This answers your first question, but let me point out an error in your thinking.


When we say $A$ has $N$ eigenvalues, we mean that the characteristic equation for $A$, $|\lambda I - A| = 0$, has $n$ zeroes; this is always true by the fundamental theorem of algebra, but some of the eigenvalues may be complex (e.g. a $2\times 2$ rotation matrix). Note, we count eigenvalues with multiplicity, so $\lambda$ could be repeated multiple times. We call the order of the zero $\lambda$ the algebraic multiplicity of $\lambda$.

For any eigenvalue $\lambda$, some say that $\lambda$ has $k$ corresponding eigenvectors if $\dim E_{\lambda} = k$ (this terminology is not often defined but is instead used in verbal communication).

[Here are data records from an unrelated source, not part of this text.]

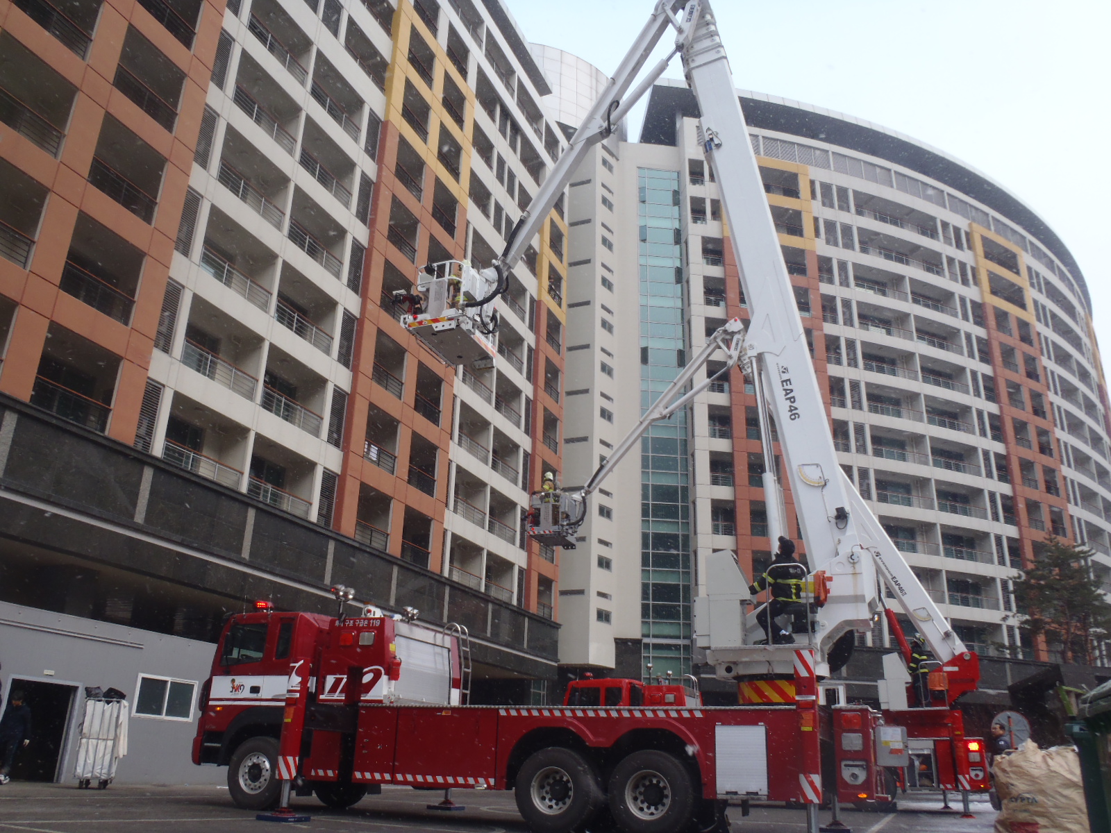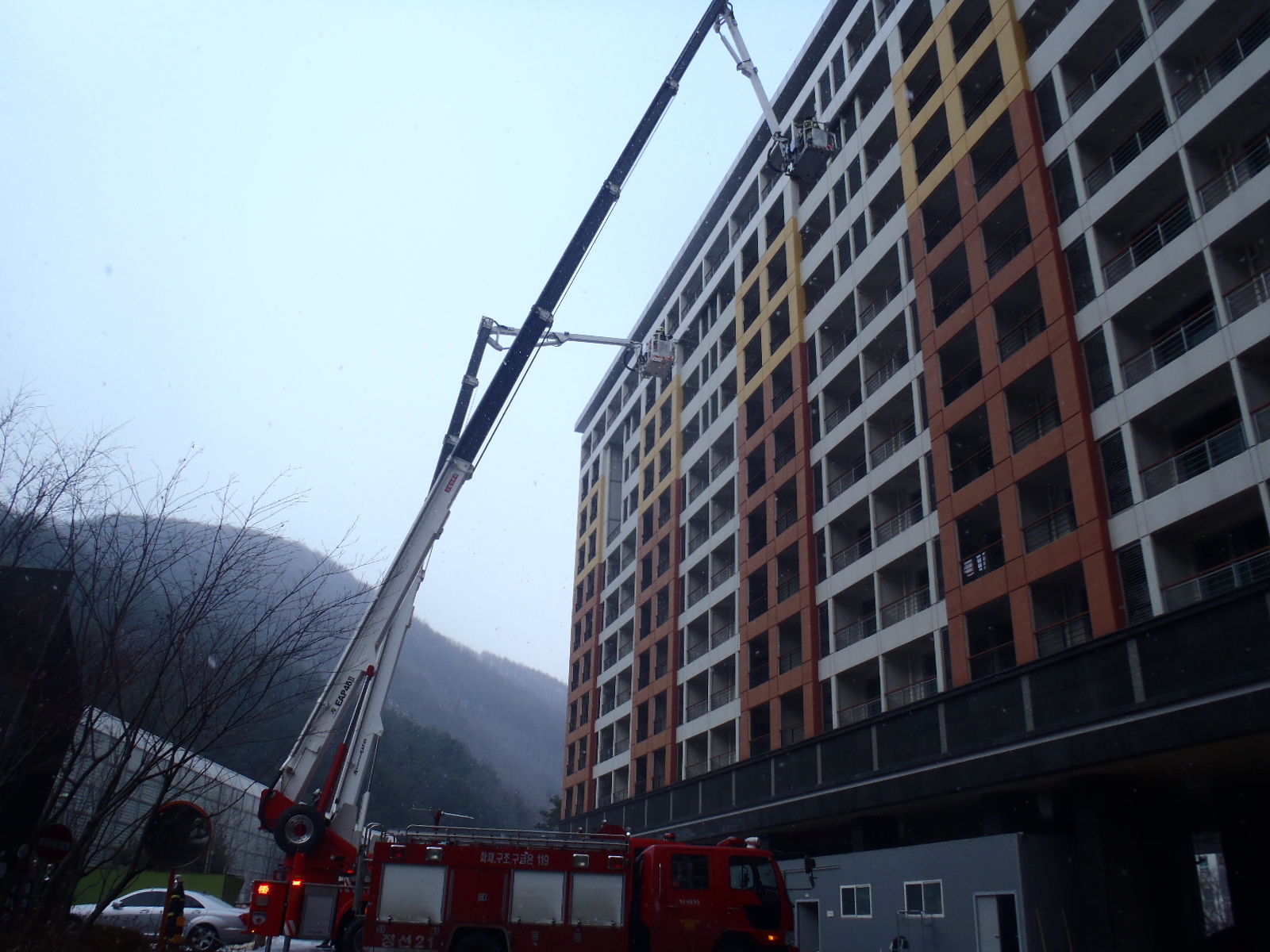 정선소방서(서장 박창진) 1.31(화) 메이힐스콘도 대상으로 고층건물 합동소방훈련을 실시하였습니다. 이번훈련은 광역응원출동과 병행하여 실시 하였으며 고층건물의 진압.인명대피,고가굴절차를 이용한 인명구조에 역점을 두고 실시 하였습니다
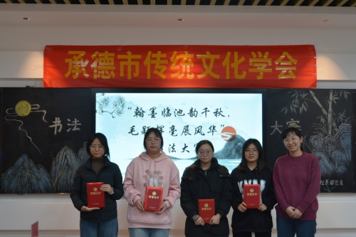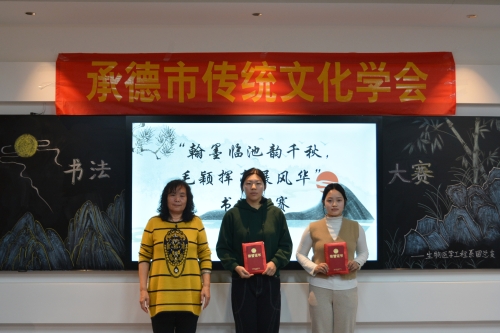 河北省书法家协会会员、承德市书法家协会女子分会主席李颜君为获一等奖选手颁奖
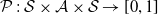 $ \mathcal{P}\,{:}\, \mathcal{S} \times \mathcal{A} \times \mathcal{S} \rightarrow[0,1]$

If $A$ has distinct eigenvalues $\lambda_1, \dots, \lambda_M$, one might say that $A$ has $\dim E_{\lambda_1} + \dots + \dim E_{\lambda_M}$ corresponding eigenvectors. The dimension of $E_{\lambda}$ is called the geometric multiplicity of $\lambda$.

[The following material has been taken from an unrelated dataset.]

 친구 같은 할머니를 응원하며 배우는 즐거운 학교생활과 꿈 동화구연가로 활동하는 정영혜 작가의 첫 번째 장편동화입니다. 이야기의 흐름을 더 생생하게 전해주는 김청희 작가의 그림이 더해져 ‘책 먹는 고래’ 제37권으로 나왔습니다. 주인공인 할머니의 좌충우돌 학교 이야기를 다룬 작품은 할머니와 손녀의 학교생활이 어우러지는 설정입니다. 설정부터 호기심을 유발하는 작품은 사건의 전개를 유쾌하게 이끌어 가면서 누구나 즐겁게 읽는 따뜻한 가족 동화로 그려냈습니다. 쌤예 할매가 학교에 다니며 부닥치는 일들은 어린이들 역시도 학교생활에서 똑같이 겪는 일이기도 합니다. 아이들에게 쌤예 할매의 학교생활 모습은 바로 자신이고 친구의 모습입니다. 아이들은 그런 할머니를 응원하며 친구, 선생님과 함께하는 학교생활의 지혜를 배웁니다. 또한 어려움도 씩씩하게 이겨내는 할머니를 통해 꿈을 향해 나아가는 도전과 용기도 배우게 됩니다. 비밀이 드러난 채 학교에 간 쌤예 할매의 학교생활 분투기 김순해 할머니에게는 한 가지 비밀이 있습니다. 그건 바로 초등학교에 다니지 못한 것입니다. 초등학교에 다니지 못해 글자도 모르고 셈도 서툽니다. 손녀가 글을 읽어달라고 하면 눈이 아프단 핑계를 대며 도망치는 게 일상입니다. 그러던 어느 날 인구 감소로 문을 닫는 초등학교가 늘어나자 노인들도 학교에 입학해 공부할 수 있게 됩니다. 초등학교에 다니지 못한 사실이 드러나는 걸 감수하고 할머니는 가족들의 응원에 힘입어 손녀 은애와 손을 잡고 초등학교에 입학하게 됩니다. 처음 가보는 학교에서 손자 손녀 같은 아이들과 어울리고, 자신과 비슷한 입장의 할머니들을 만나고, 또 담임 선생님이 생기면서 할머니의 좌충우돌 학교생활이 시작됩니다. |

We have the following result relating the two notions of multiplicity:

The geometric multiplicity is less than or equal to the algebraic multiplicity.

There are cases where the geometric multipicity of $\lambda$ is strictly less than the algebraic multiplicity, and therefore $A$ has less than $N$ corresponding eigenvectors. For example,

$$A = \left[\begin{matrix}1 & 1\\ 0 & 1\end{matrix}\right]$$

has a repeated eigenvalue of $1$ but only has a one-dimensional eigenspace.

To reconcile the difference between geometric multiplicity and algebraic multiplicity, one can consider generalised eigenvectors.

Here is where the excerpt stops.